= Requirement =
Lines from the one containing "l’intérieur des terres." through the end of the listing are what is wanted, given again exactly with both ends included and pictures left out.

= Material provided =
.....

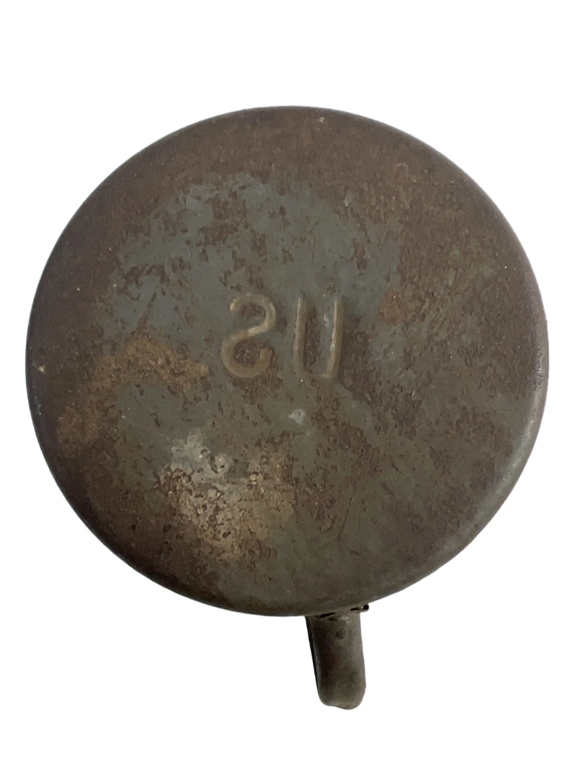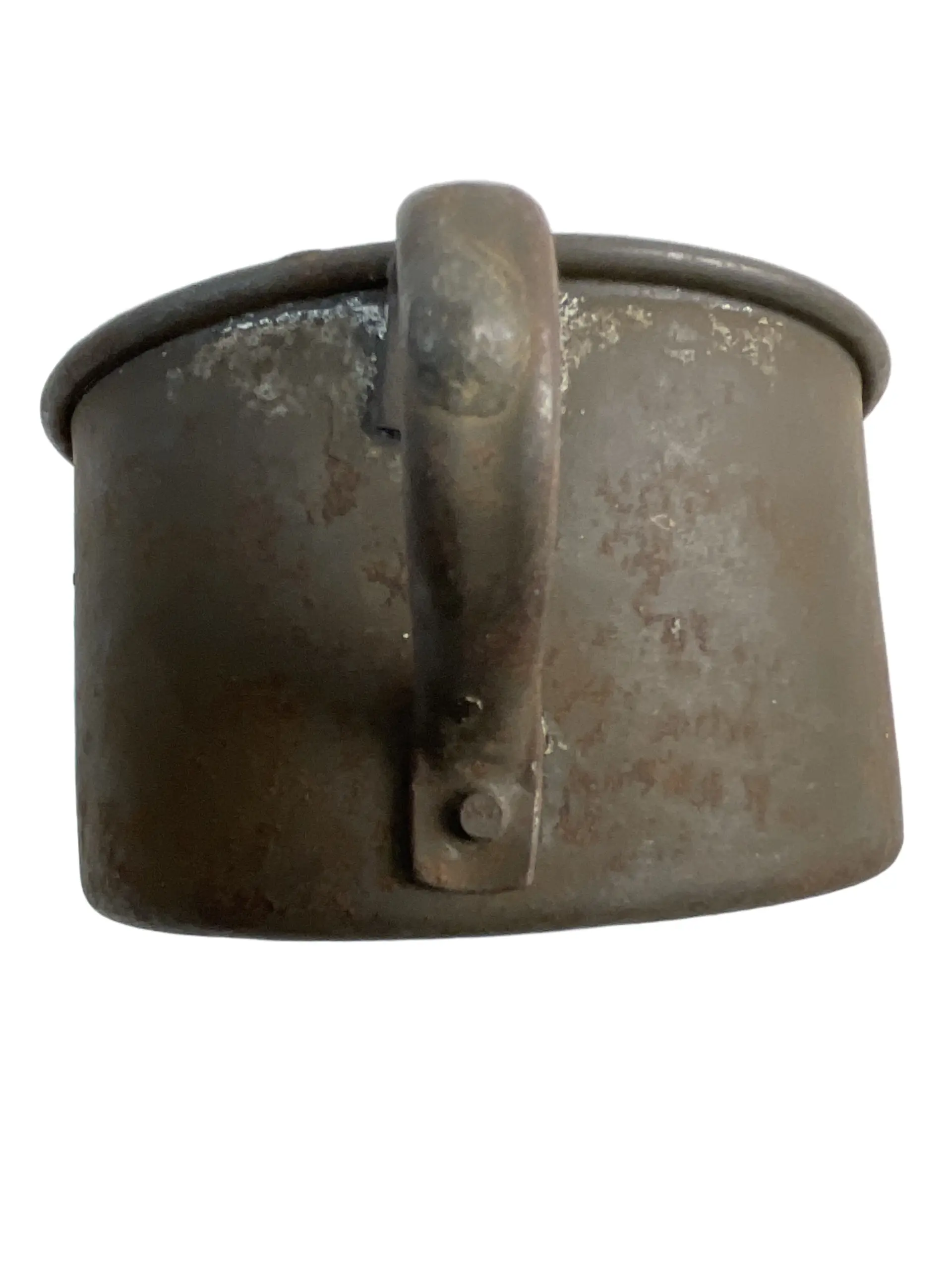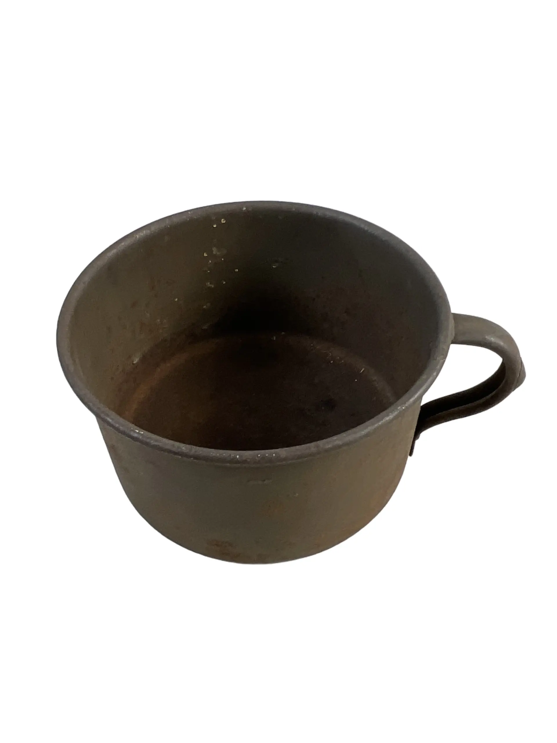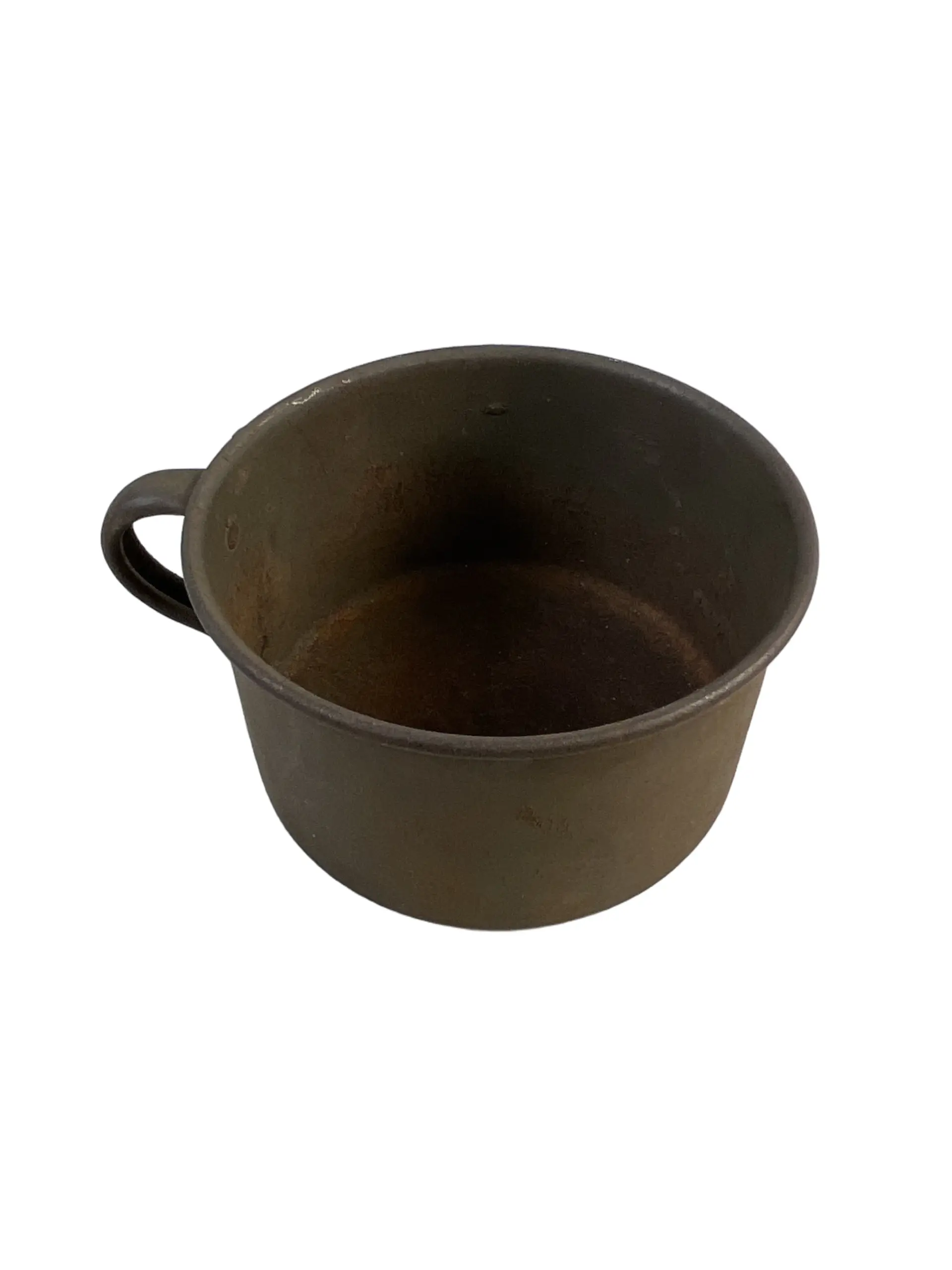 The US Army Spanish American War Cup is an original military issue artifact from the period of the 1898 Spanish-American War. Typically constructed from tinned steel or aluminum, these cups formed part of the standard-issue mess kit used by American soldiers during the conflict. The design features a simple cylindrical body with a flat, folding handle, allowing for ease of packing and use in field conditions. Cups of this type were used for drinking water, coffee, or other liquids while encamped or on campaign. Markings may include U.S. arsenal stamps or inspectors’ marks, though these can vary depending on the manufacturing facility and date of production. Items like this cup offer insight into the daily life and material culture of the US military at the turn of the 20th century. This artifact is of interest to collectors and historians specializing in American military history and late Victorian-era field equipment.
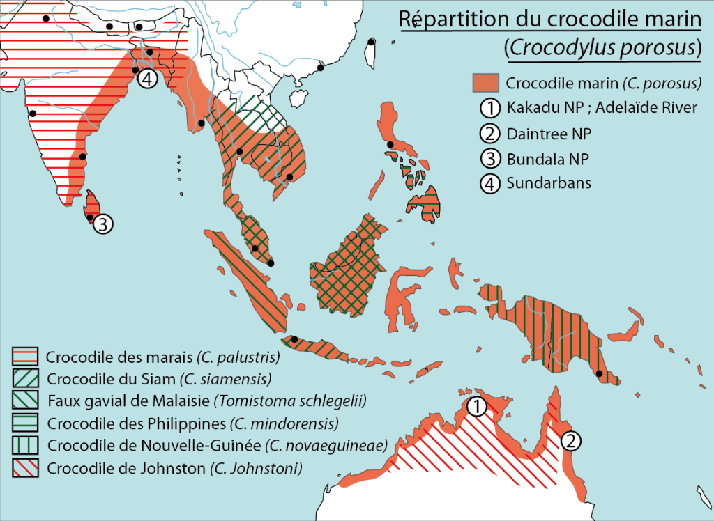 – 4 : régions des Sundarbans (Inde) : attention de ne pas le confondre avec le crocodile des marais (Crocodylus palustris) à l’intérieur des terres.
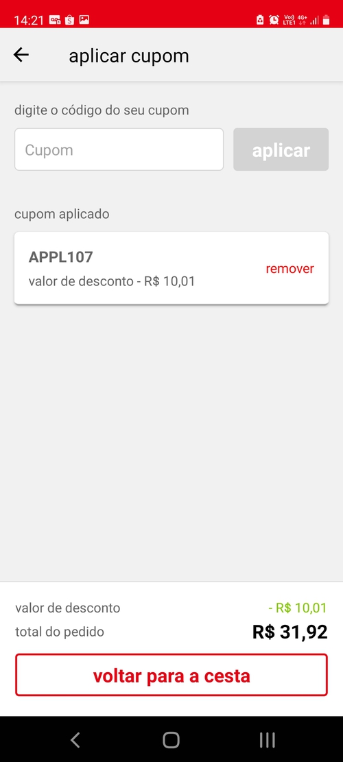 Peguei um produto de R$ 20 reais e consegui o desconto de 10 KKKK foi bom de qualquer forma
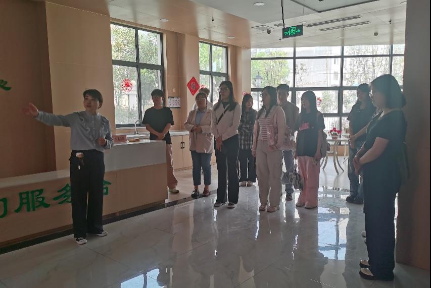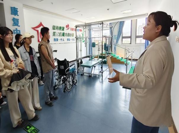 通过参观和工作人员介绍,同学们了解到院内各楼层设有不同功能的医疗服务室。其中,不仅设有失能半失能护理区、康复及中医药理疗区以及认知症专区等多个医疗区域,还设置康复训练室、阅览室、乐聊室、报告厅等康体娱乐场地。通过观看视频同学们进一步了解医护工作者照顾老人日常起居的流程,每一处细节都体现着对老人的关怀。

.....

= Solution below =
 – 4 : régions des Sundarbans (Inde) : attention de ne pas le confondre avec le crocodile des marais (Crocodylus palustris) à l’intérieur des terres.
 Peguei um produto de R$ 20 reais e consegui o desconto de 10 KKKK foi bom de qualquer forma
 通过参观和工作人员介绍,同学们了解到院内各楼层设有不同功能的医疗服务室。其中,不仅设有失能半失能护理区、康复及中医药理疗区以及认知症专区等多个医疗区域,还设置康复训练室、阅览室、乐聊室、报告厅等康体娱乐场地。通过观看视频同学们进一步了解医护工作者照顾老人日常起居的流程,每一处细节都体现着对老人的关怀。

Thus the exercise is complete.